Y, sin embargo, eso también es una liberación.
El nuevo boom no será igual
Si hay un nuevo boom latinoamericano, no vendrá como un ejército compacto de novelistas varones con manifiesto, foto en blanco y negro y discusiones de café parisino. Vendrá, si viene, de otro modo: más plural, menos jerárquico, más transnacional, más femenino, más híbrido, más atravesado por migración, archivo, memoria, violencia, ecología, tecnología y periferia.
Vendrá de escritoras que ya están reconfigurando el mapa, de narradores que mezclan ficción con crónica, de artistas que trabajan con cuerpos, ruinas y desplazamientos, de pensadores que ya no quieren fundar una patria intelectual sino desarmar los viejos mecanismos del poder simbólico.
Ese futuro no será menos grande por no parecerse al pasado.
La esperanza correcta
La mejor noticia es esta: América Latina no está huérfana de talento; está en una fase de recomposición. Y toda recomposición parece, al principio, una pérdida.

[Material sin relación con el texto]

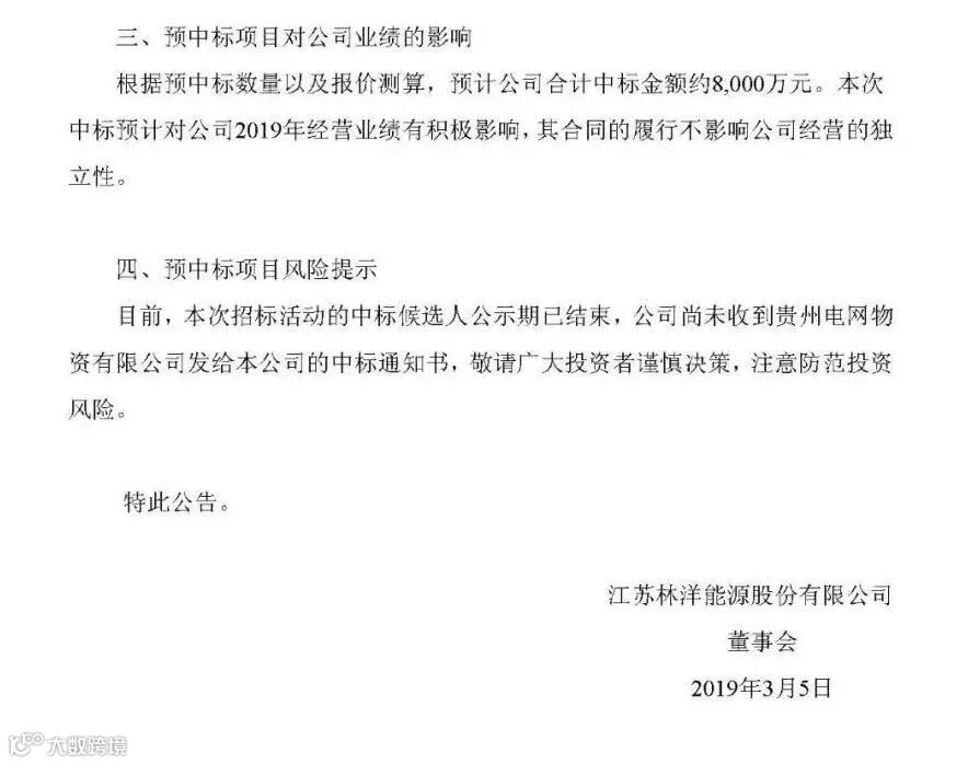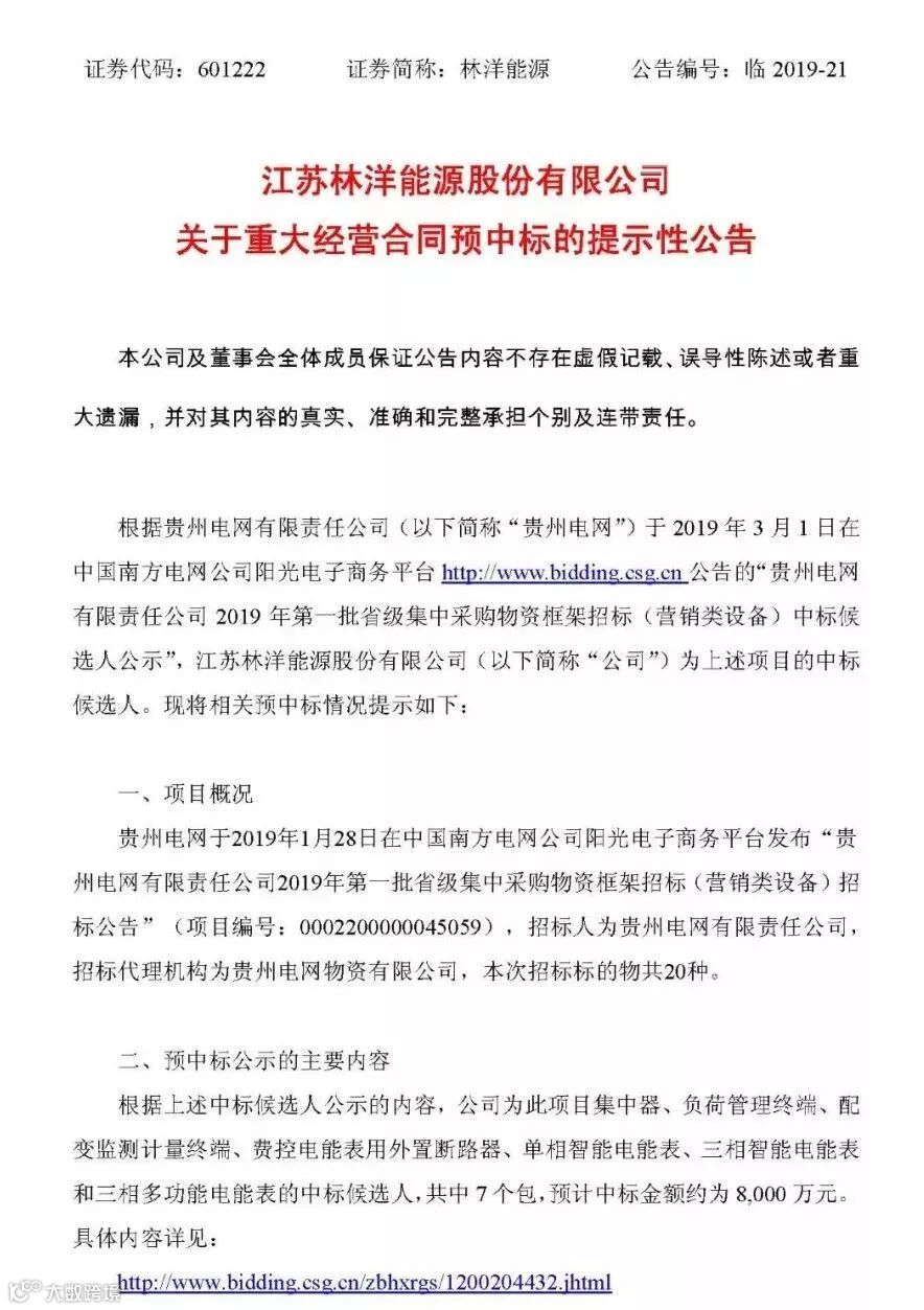 3月1日,贵州电网有限责任公司在中国南方电网公司阳光电子商务平台(www.bidding.csg.cn)公告的“贵州电网有限责任公司2019年第一批省级集中采购物资框架招标(营销类设备)中标候选人公示”,江苏林洋能源股份有限公司(以下简称“公司”)为上述项目的中标候选人,项目包括集中器、负荷管理终端、配变监测计量终端、费控电能表用外置断路器、单相智能电能表、三相智能电能表和三相多功能电能表,共7个包,预计中标金额约为8,000万元。

Quizá ya no tengamos una sola generación de dioses literarios y artísticos. Pero tenemos algo igual de interesante: una región que sigue produciendo obras serias en medio del colapso, la desigualdad, el desencanto y la saturación informativa. Eso no es poco. De hecho, es una forma rara de grandeza.
Los grandes maestros no han desaparecido. Han dejado de ser estatuas para volver a ser lo que siempre fueron en el fondo: obras vivas, polémicas, dispersas, difíciles de encerrar en una vitrina. Contra el ruido corporativo, queda la tarea de los lectores y creadores: discernir, amplificar y resistir.
América Latina no necesita revivir el pasado. Necesita inventar su propio filtro.